Paraya karşı o kadar müstağnidir ki, halkın hayretine sebep olur. Herkesin istediğini istemez, ne istediğini de herkes anlayamaz. Kendi zevkleri dışında zevk tanımayanların gözünde “zevksiz” bir adamdır! Küçümserler onu, hayatı anlamamakla, üç günlük dünyanın hakkını vermemekle itham ederler. Böyle davranışlara hiç önem vermez. Elverir ki, inandığına dokunulmasın! Kalabalığın nazarında o, zavallı bir hayalperesttir. Olmayacak fikirlerin rüyasına dalmış öylece uyumakta, başkalarını da uyumaya teşvik etmekte…
Bir gün fikirlerinin gerçekleştiği görülse bile, Ona hiç kimse “aferin” demez. Üstelik, “böyle olacağı zaten belli idi” buyurulur. Ülkücünün, ülküsü ile münasebeti, hakiki bir aşkta sevenle sevgilinin münasebetine benzer.
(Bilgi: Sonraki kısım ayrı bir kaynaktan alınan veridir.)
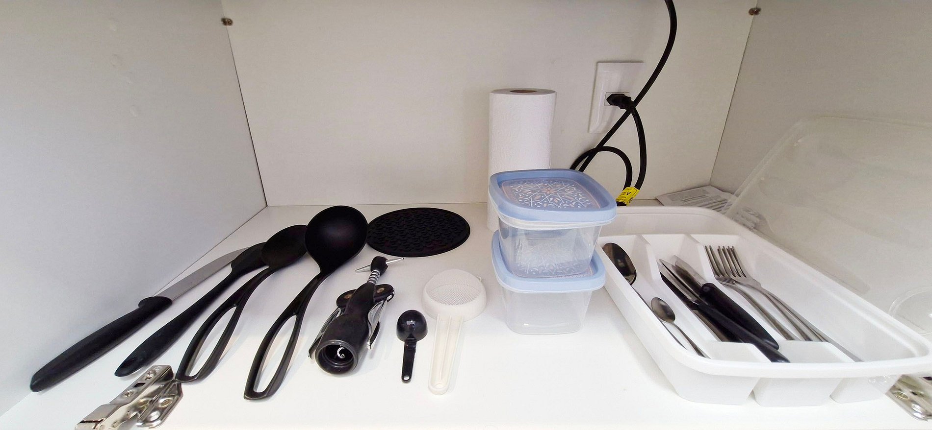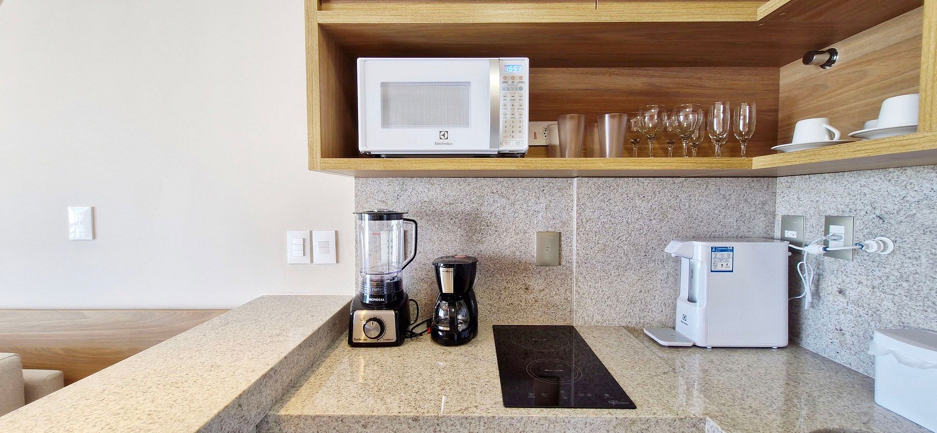 - KITCHEN: American counter with 2 high chairs, intercom, water filter, refrigerator, 2-burner induction cooktop, microwave, blender, sandwich maker, electric coffee maker, glasses, cups, pans and basic kitchen utensils
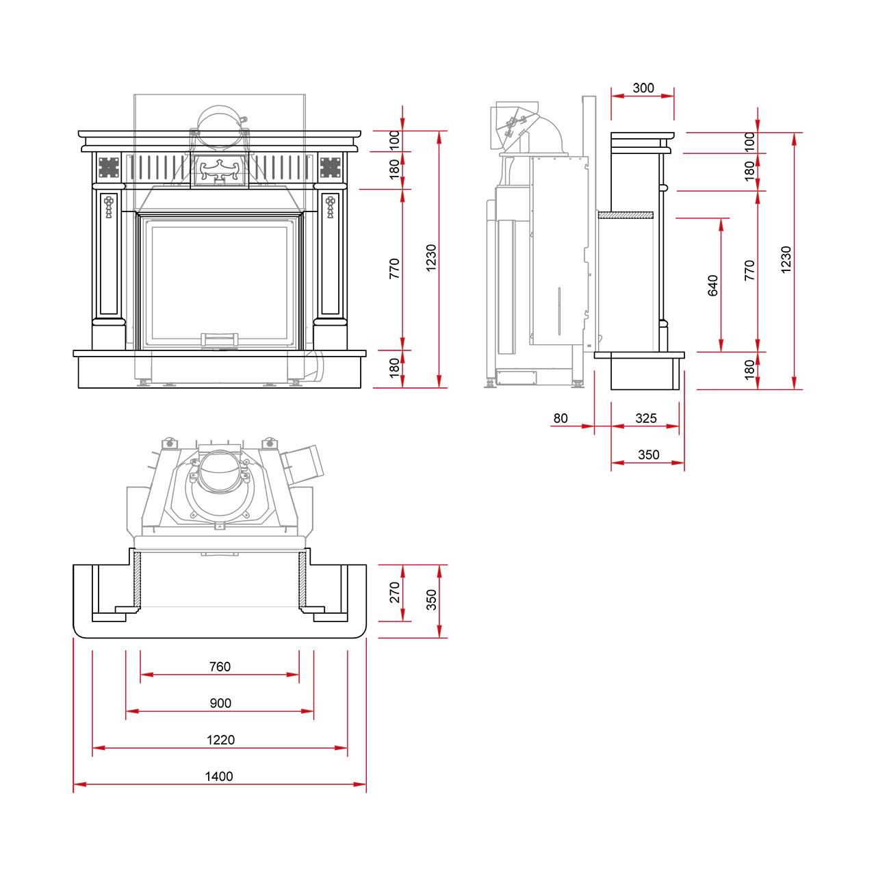 | Abstand zur Dämmung Kamineinsatz | mm | 90 |

Hep verir, hiç almaz. Sevgili nazlıdır, sitemi eksik etmez, incinmeğe de hiç gelemez. Diğer sahalarda umumiyetle dikkatsiz hareket eden Ülkücü, sevgili bahis konusu oldu mu baştan başa haysiyet kesilir. Şahsına fenalık yapanlara pek aldırmaz ama, ülküsüne yan gözle bakanlara tahammülü yoktur. Sadakati için karşılık beklemez, mükâfat istemez, bir garip kişidir… Ülküsüne hizmet edenlere son derece hürmetkârdır.
Gerçek âşıklar gibidir; kıskanmaz. Sevgilisinin sevildikçe güzelleşeceğini bilir. Sevmenin gururu yegâne süsüdür Ülkücünün en çok dinlediği “nasihat”tır. “Yapma ” derler, “hayatını heba etme” derler, “gününü gün et” derler. O kadar çok şey söylerler ki, hiç bitmez. O hepsini dinler, ama hiçbirini tutmaz, gene bildiği gibi yaşar. Ülkücülerin en amansız düşmanları “eyyamperest”lerdir. Menfaatlerine tapan bu adamlar, daha çok kazanmalarına, daha rahat yaşamalarına mani olacak sanırlar da, ülkücüleri ezmeğe çalışırlar! Ne garip tecellidir ki, ülkücünün gayretlerinden en çok faydalananlar da “eyyamperest”lerdir.
Gün gelir, ecel hükmünü icra eder, ülkücü dünyasını değiştirir. “Kalabalık” o’na acır, daha iyi yaşamış olmasını temenni eder. Halbuki o, inançları uğrunda yaşamanın hazzını tadamadıkları için ömrü boyunca “kalabalık”a acımıştır! Böyle der Galip Ağabey. Mekânı cennet olsun. Biz, bu gün de yaşananlar karşısında bu mektuptan “zamanla bazı tercihler değişse de gerçeğin değişmeyeceğini” anlıyoruz ve bu gerçek de şudur: “Türk milliyetçiliği, Türk milletinin hür yaşama hakkının korunması amacını güder.” Gönül fukaralığı neyse ne de, akıl fukaralığı varsa imkân ve mevkiyle artar, azalmaz.